Today, let's try to train a full digit recognizer trained on the MNIST dataset. Imports as always.
from fastai.vision.all import *
matplotlib.rc('image', cmap='Greys')
path = untar_data(URLs.MNIST)
Path.BASE_PATH = path
Let's see what we have in the archive
path.ls()
(#2) [Path('training'),Path('testing')]
[len((path/'training'/str(i)).ls()) for i in range(10)]
[5923, 6742, 5958, 6131, 5842, 5421, 5918, 6265, 5851, 5949]
[len((path/'testing'/str(i)).ls()) for i in range(10)]
[980, 1135, 1032, 1010, 982, 892, 958, 1028, 974, 1009]
So we have around 6k in each training set in 1k in each validation set. Let's build a digit classifier!
First we need to define the DataBlock (a.k.a let the framework know, how the dataset is structured)
digits = DataBlock(
blocks=(ImageBlock, CategoryBlock),
get_items=get_image_files,
splitter=GrandparentSplitter(train_name='training', valid_name='testing'),
get_y=parent_label)
dls = digits.dataloaders(path)
Now we can train a resnet18 network (I've no idea what's in it, but it was used in the book previously)
learn = cnn_learner(dls, resnet18, metrics=error_rate, pretrained=True)
learn.fine_tune(5)
learn.recorder.plot_loss(skip_start=0)
Wow, we're getting a tiny error rate, let's see where it got confused.
interp = ClassificationInterpretation.from_learner(learn)
interp.plot_top_losses(5, nrows=1)
I can't blame the network, I wouldn't necessarily guess myself. Let's export to ONNX and we'll try to run the inference in the browser.
At this point we have a fully trained network ready to be deployed. Let's try to run it in the browser!
We can use onnx.js
to try running the recognizer in the browser. Let's export this out to onnx, so we can use it in other environments than PyTorch. We'll need a dummy input, to trigger activations in the network I guess. Not really sure about this point, but from what I can gather, the export works by running inference on an example input and recording what operations were triggered. The resnet input is a convolution layer, which to me sounds something like scanning, so let's just feed it something valid and hope this is fine.

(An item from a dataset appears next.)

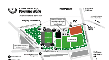 Der Parkplatz P2 an der Vorgebirgsstraße steht für Besucher zur Verfügung. Auch hier wird eine frühzeitige Anreise empfohlen. Sobald die Parkplatzkapazitäten erschöpft sind, wird als Alternative auf den naheliegenden Großmarkt verwiesen.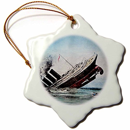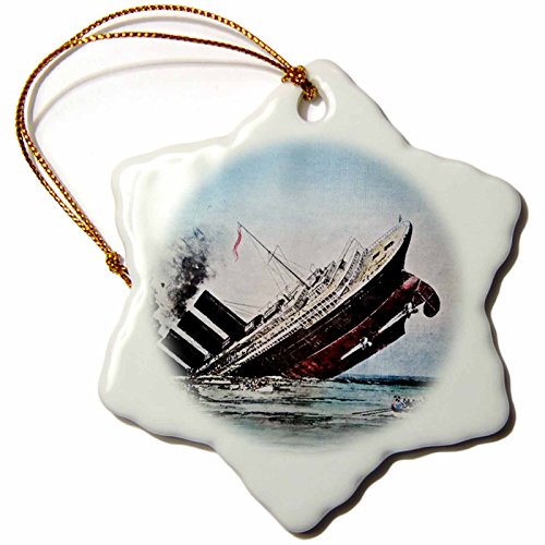 3dRose orn_77413_1 Titanic Sinking Magic Lantern Slide Snowflake Decorative Hanging Ornament, Porcelain, 3-Inch

dummy_input = torch.rand(64, 3, 7, 7, device='cuda')
dummy_input.shape
torch.Size([64, 3, 7, 7])
onnx_model_path = "my_mnist.onnx"
torch.onnx.export(learn.model, dummy_input, onnx_model_path)
print(str(os.path.getsize(onnx_model_path) / 1024 / 1024.0) + "Mb")
44.725908279418945Mb
That's quite heavy. We'll have to see if we can do something about that later. For our use case using even resnet18 is definitely overkill, especially since the training images are way smaller that what's accepter by resnet, and we don't have colour.
Then I go on to try to run it using onnx.js
and loading the model fails with TypeError: cannot resolve operator 'Shape' with opsets: ai.onnx v9
.
I'll have to come back to this later, some googling hints that I need to modify some layers in the network, but I'm not yet ready for that.